Partilho da ideia de que terapeuta e cliente encontram-se em uma dança relacional* ao longo do processo terapêutico, onde, cada qual desempenha função ímpar para a harmonia, beleza e conquistas desta jornada.
O movimento de chegada de um cliente até a terapia é um passo muito importante, mas apenas o inicial para se deflagrar uma real busca e disposição para a mudança. É muito comum que a frase ouvida no subtexto das falas do cliente, “ajude-me a mudar”, tenha como complemento “… desde que eu não precise mudar nada!”. Convenhamos! Mudar é trabalhoso e arriscado. Por mais desconfortável que seja o lugar em que estou, este já é bem conhecido e tem lá o seu conforto e segurança.
Precisamos lembrar também dos ganhos (algumas vezes inconscientes) que temos ao vivenciar alguma disfuncionalidade. Estes são conhecidos como ganhos secundários e sempre estarão presentes em qualquer situação da vida. É estranho pensar que possam existir ganhos na depressão, compulsão, estagnação ou até mesmo em conflitos conjugais, mas eles se fazem presentes. Nem que este ganho seja a manutenção de algum tipo de repetição da história de minhas gerações familiares. Essa “lealdade familiar” dificulta a busca de novos caminhos e me aprisiona à obrigação de cumprir determinado script preestabelecido.
Geralmente, o que desencadeia o movimento de busca de ajuda é a percepção de que algo não vai bem, me incomoda e traz prejuízos. Algumas vezes outra pessoa “enxerga” o problema e me orienta a procurar um profissional da área de saúde.
Quando o cliente chega à terapia tem queixas, às vezes várias, uma profusão delas. Algumas reais, outras imaginárias. A queixa diz do por que estou aqui diante deste profissional. Mas ela, por si só, não é suficiente para desencadear comprometimento com a mudança. O queixoso pode encontrar prazer em queixar. Se for gostoso reclamar, vou mudar pra que? Atendimento vai, atendimento vem e as falas são sempre as mesmas. Andamos em círculo infinitamente.
As queixas apresentadas muitas vezes descortinam a existência de uma demanda para terapia, ou seja, há o que possa ou precise ser trabalhado. O que não implica permissão para o aprofundamento e enfrentamento destes conteúdos pelo cliente. Condição essencial para ocorrer uma terapia.
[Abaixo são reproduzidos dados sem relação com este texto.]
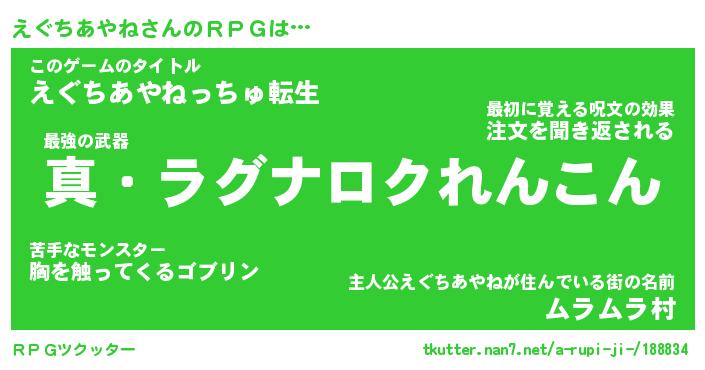 | 男性向けラノベタイトル風あだ名 | 『エグチアヤネアートオンライン』 |

A partir da queixa e da demanda é importante que se faça presente também um pedido. O pedido me conecta com o pra que, o sentido da procura por ajuda. Se não há pedido é difícil intervir ou trabalhar junto ao cliente. Se não há pedido não existe pelo menos um início de sensibilização necessária para com o problema, que justifique a tentativa de superá-lo.
O contato com o pedido pode vir em intensidade e interiorização variadas. Compete ao terapeuta trabalhá-lo ou ajuda-lo a tornar-se presente. Mas isso dependerá não só da habilidade de manejo do profissional, mas do investimento do cliente também.
Alguém que está por demais desestabilizado e desgastado pelos problemas que tem vivenciado chega com uma maior interiorização do pedido e mais desejoso por se comprometer pela mudança. Aquele que ainda está no nível da queixa e da reclamação precisará ser ajudado, antes de se trabalhar conteúdos, a formular e contatar com seu pedido e a importância do mesmo.
A pertinência terapêutica sinaliza, para o terapeuta e o cliente, a quantas anda o desejo e a vontade de se apropriar do processo de mudança. Ela diz da disposição, disponibilidade e prontidão em se abrir para o novo, e sinaliza o nível de consciência e responsabilização do cliente para se implicar com esta trajetória.
Avaliar e trabalhar a pertinência é tarefa das mais importantes para o processo terapêutico. Ela permite que o pedido “ajude-me a mudar?” seja um verdadeiro convite rumo à saúde.
*Esta analogia com a dança não é propriamente minha e poderá ser encontrada nas exposições de vários psicólogos, mas aqui, ela surge a partir da influência de um livro de Carl Whitaker e William Bumberry chamado “Dançando com a Família”.